Na manhã seguinte eu me sinto boba e radiante. Toda vez que tento tirar o sorriso do meu rosto, ele consegue achar seu caminho de volta. Eventualmente eu paro de tentar disfarçá-lo. Deixo meu cabelo solto e abandono meu uniforme de camisas largas escolhendo uma com ombros de fora, mostrando minhas tatuagens.
— O que você tem hoje? — Christina pergunta enquanto vamos tomar café. Seus olhos ainda estão inchados de sono e seu cabelo emaranhado forma uma auréola ao redor do seu rosto.
— Ah, você sabe... — digo. — O sol está brilhando. Pássaros cantando.
Ela levanta uma sobrancelha olhando para mim inquisitivamente, como se para me lembrar que estamos em um túnel no subsolo.
— Deixe a garota ficar de bom humor — Will diz. — Você pode nunca mais ver isso de novo.

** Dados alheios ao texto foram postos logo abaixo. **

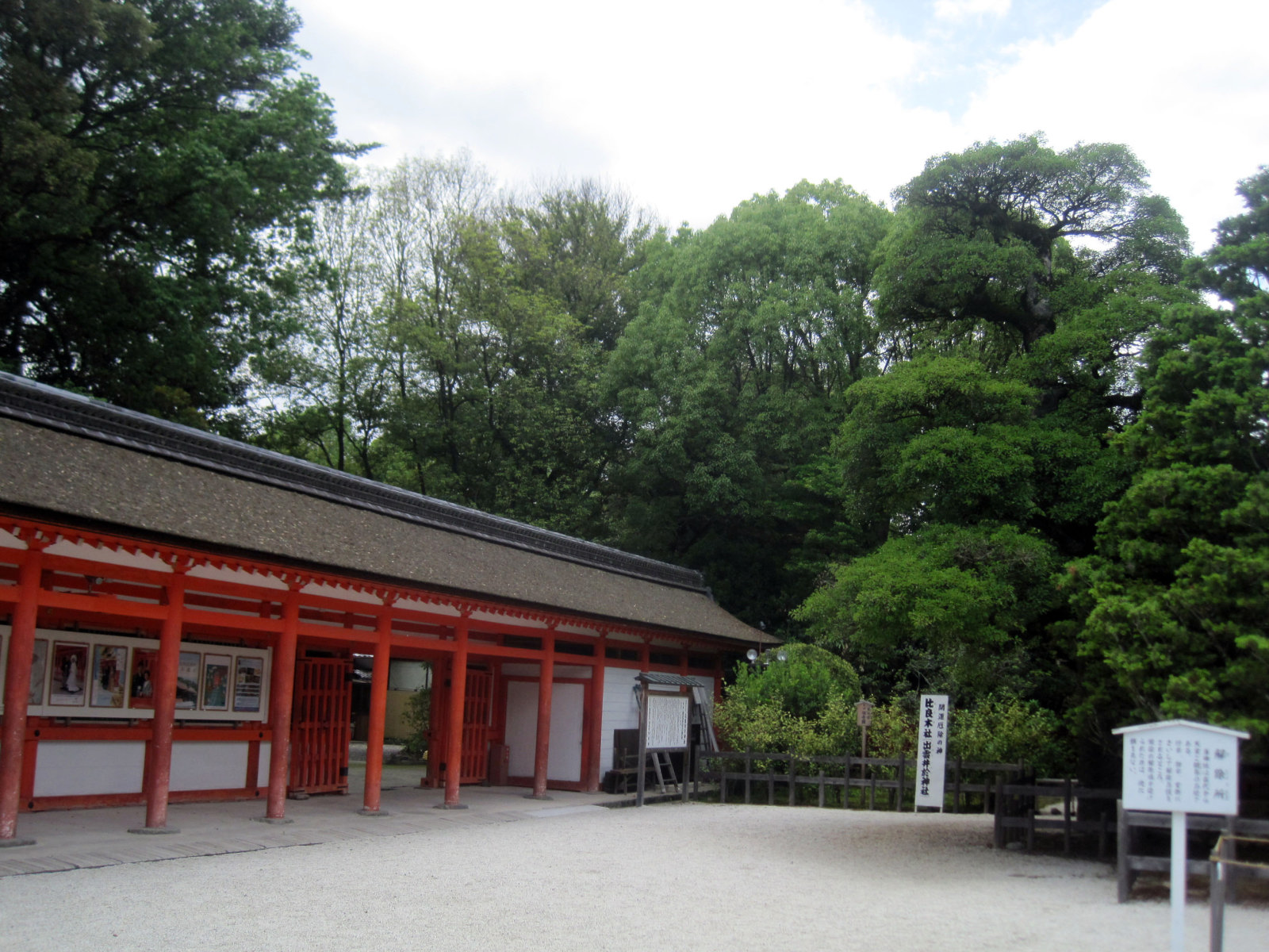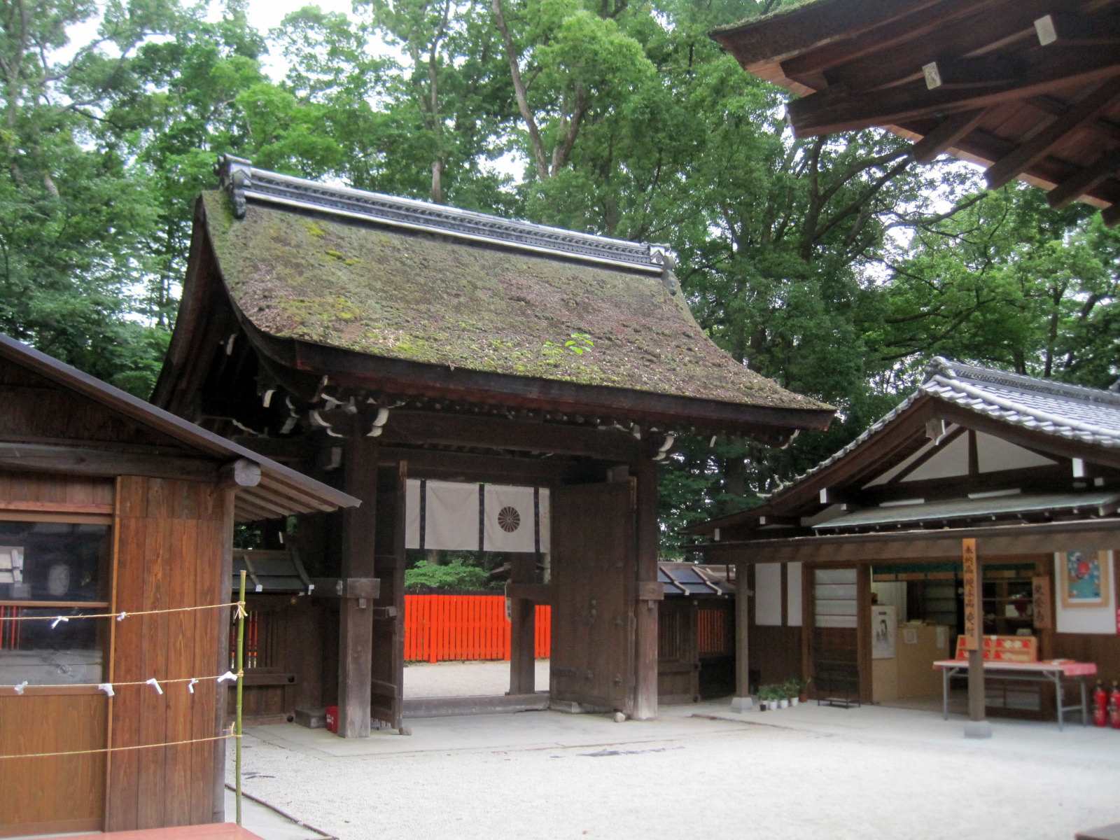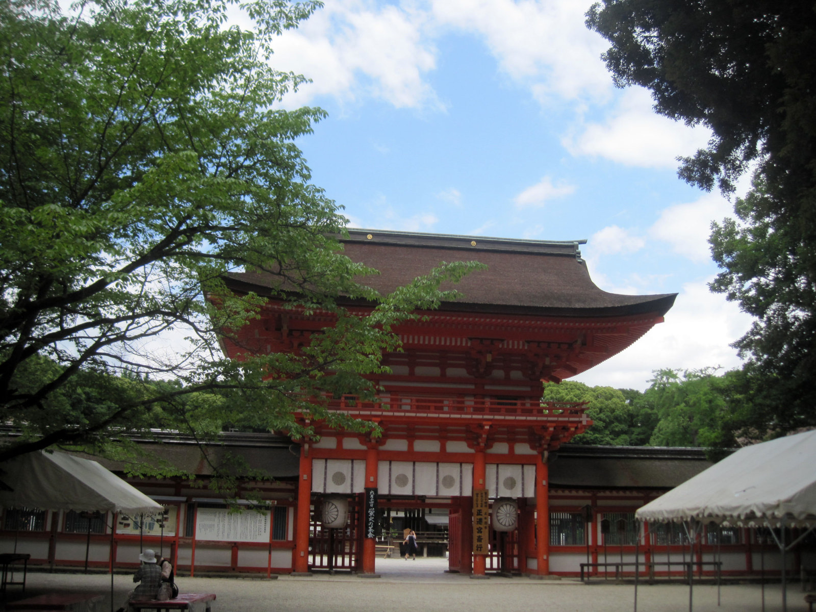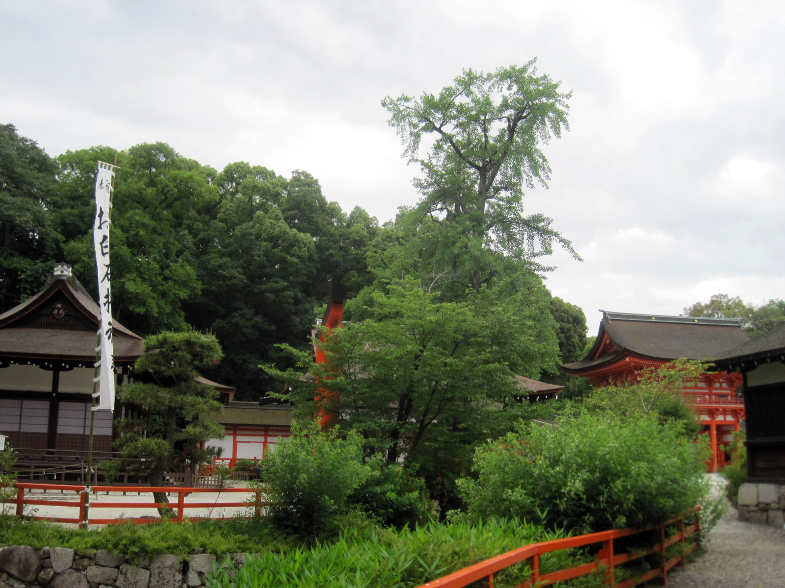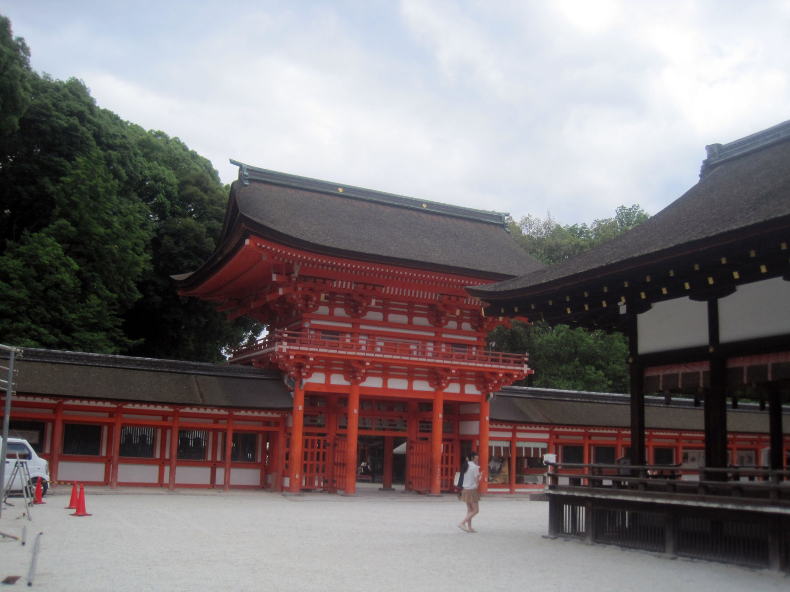 【平安期以前の創祀で京最古の社の一つで山城国一の宮と崇められ、国事を祈願し、国民の平安を祈る神社として「賀茂斎院の制」「式年遷宮の制」等が定められた。祭神は賀茂建角身命と玉依媛命。国史跡「糺の森」の広大な境内には本殿(国宝)2棟や53棟の重要文化財社殿が並び、1994年(平成6)12月「古都京都の文化財」として、「世界遺産条約」に基づく世界文化遺産に登録された。5月15日の葵祭は優雅な王朝絵巻を再現する。】

Bato em seu braço e me apresso em direção ao refeitório. Meu coração acelera porque eu sei que, a qualquer momento na próxima meia hora, eu vou ver Tobias. Sento no meu lugar de sempre, próximo a Uriah, com Will e Christina na nossa frente. O lugar à minha esquerda permanece vazio. Pergunto-me se Tobias irá sentar nele; se ele vai piscar para mim durante o café; se ele vai me olhar daquele jeito secreto que eu me imagino olhando para ele.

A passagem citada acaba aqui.